* What this task involves: Produce the lines from the one containing "Edytor tapety: Kobieta" through the end of the material exactly as they appear, both ends included, and leave the pictures out.

* Supplied material:
· · · ·

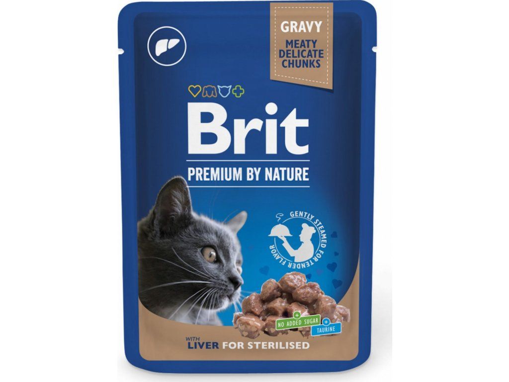 Kousky v omáčce s játry pro sterilizované kočky. Kompletní prémiové mokré krmivo pro sterilizované kočky. Varianty příchutí respektují přirozené preference koček i jejich nutriční potřeby z hlediska fáze věku či speciální výživy. Delikátní šťáva podtrhuje chuť masových kousků a dodá kočce potřebné tekutiny.
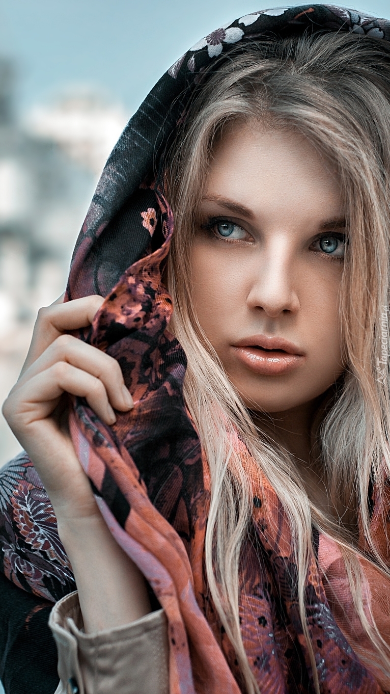 Edytor tapety: Kobieta osłaniająca się chustką od wiatru
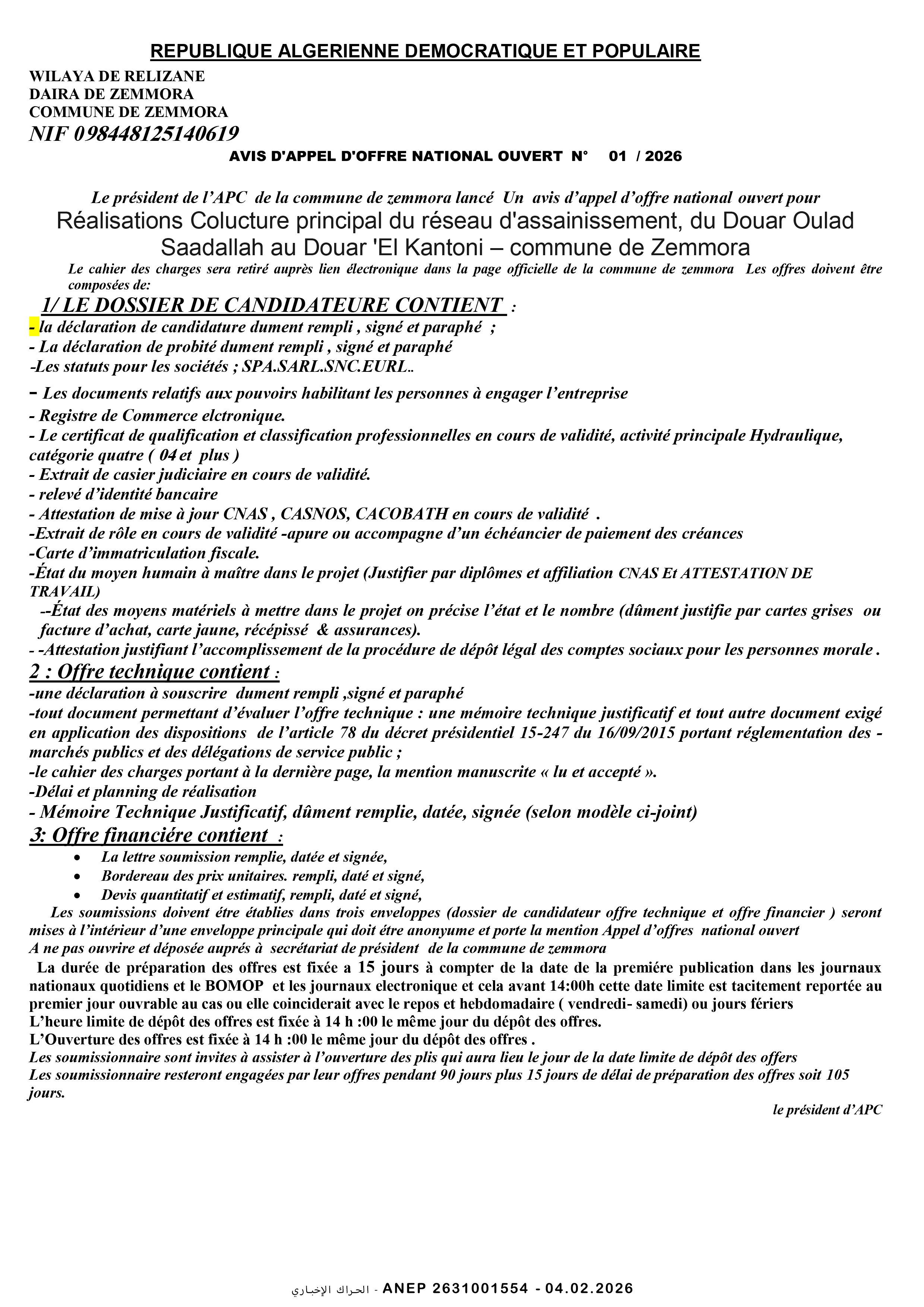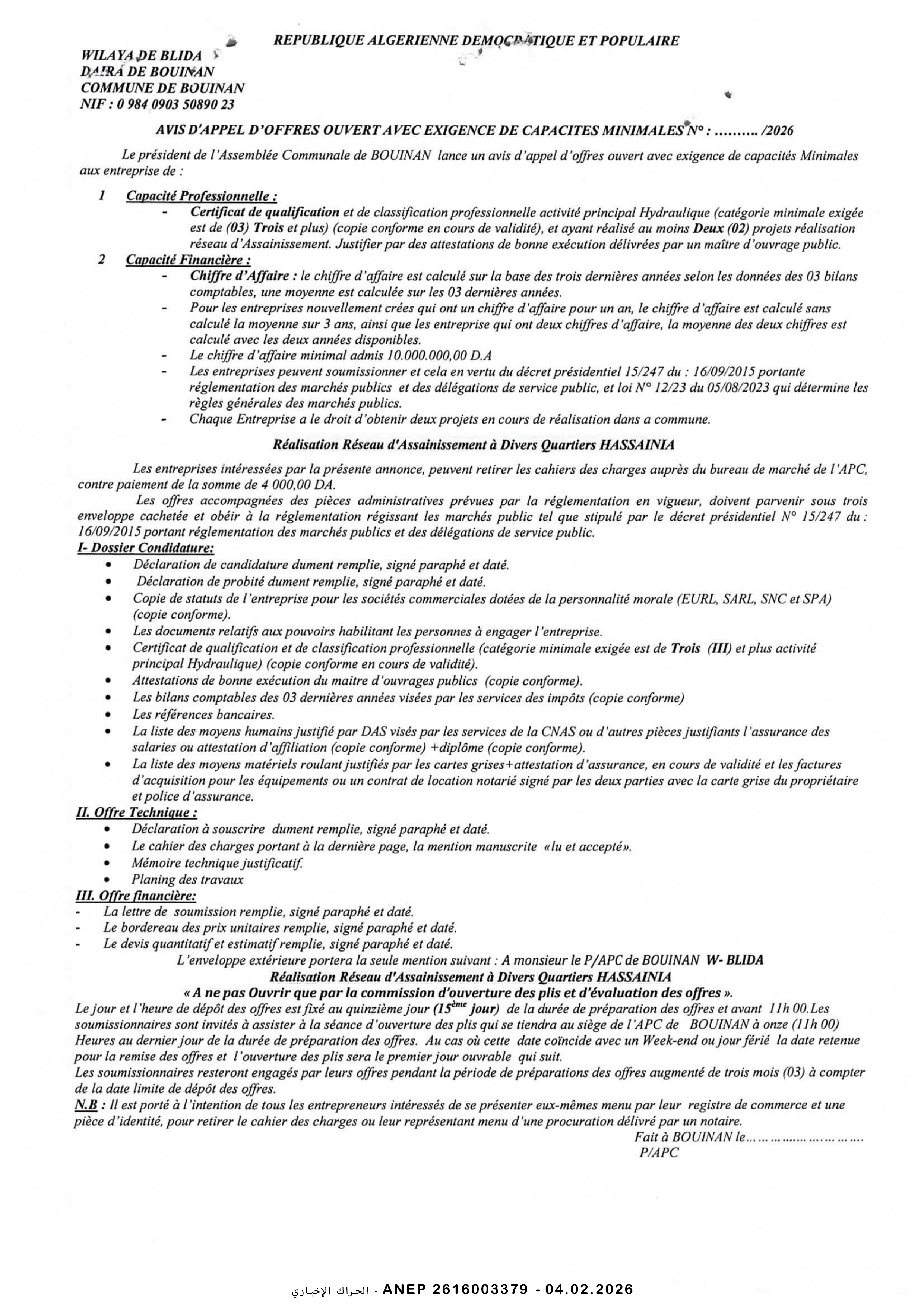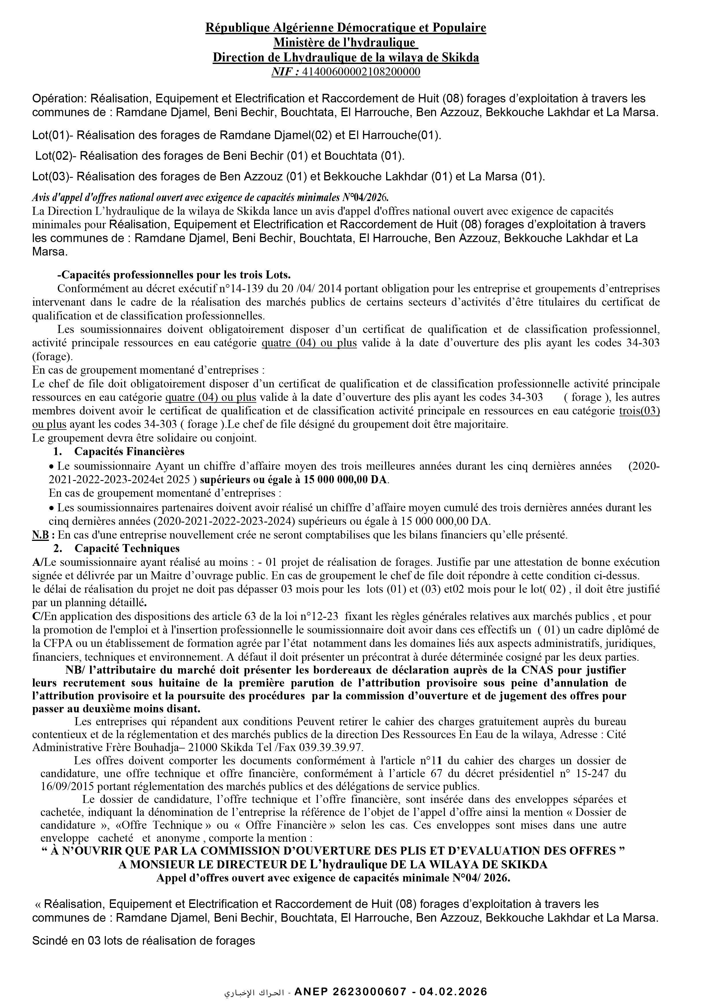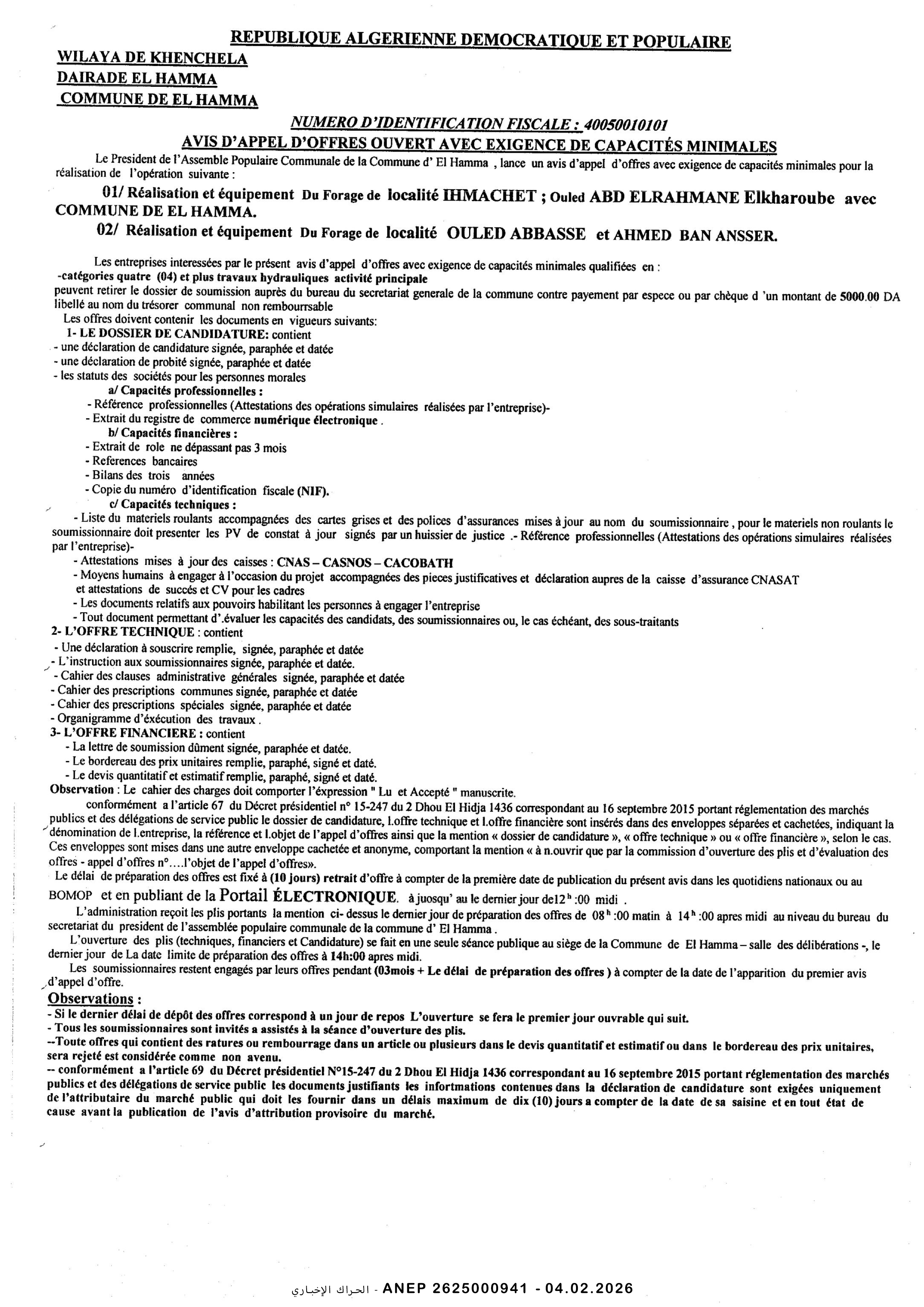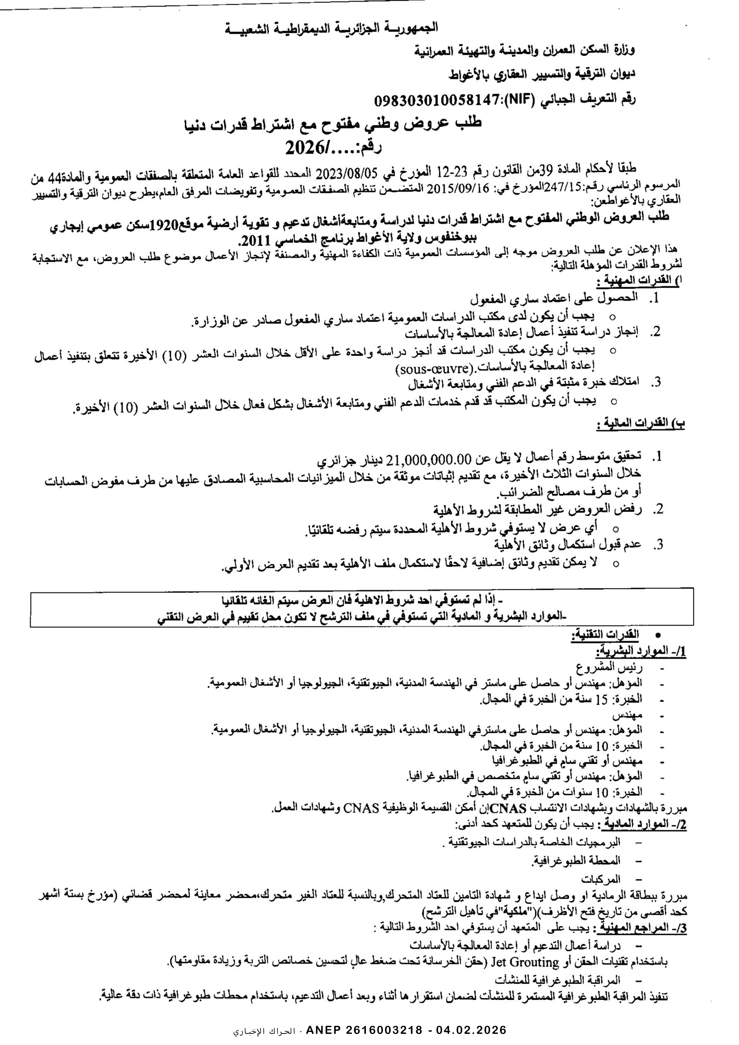 إعلان عن طلب عروض وطني مفتوح مع اشتراط قدرات دنيا رقم 2026/04

· · · ·

* Exercise result:
 Edytor tapety: Kobieta osłaniająca się chustką od wiatru
 إعلان عن طلب عروض وطني مفتوح مع اشتراط قدرات دنيا رقم 2026/04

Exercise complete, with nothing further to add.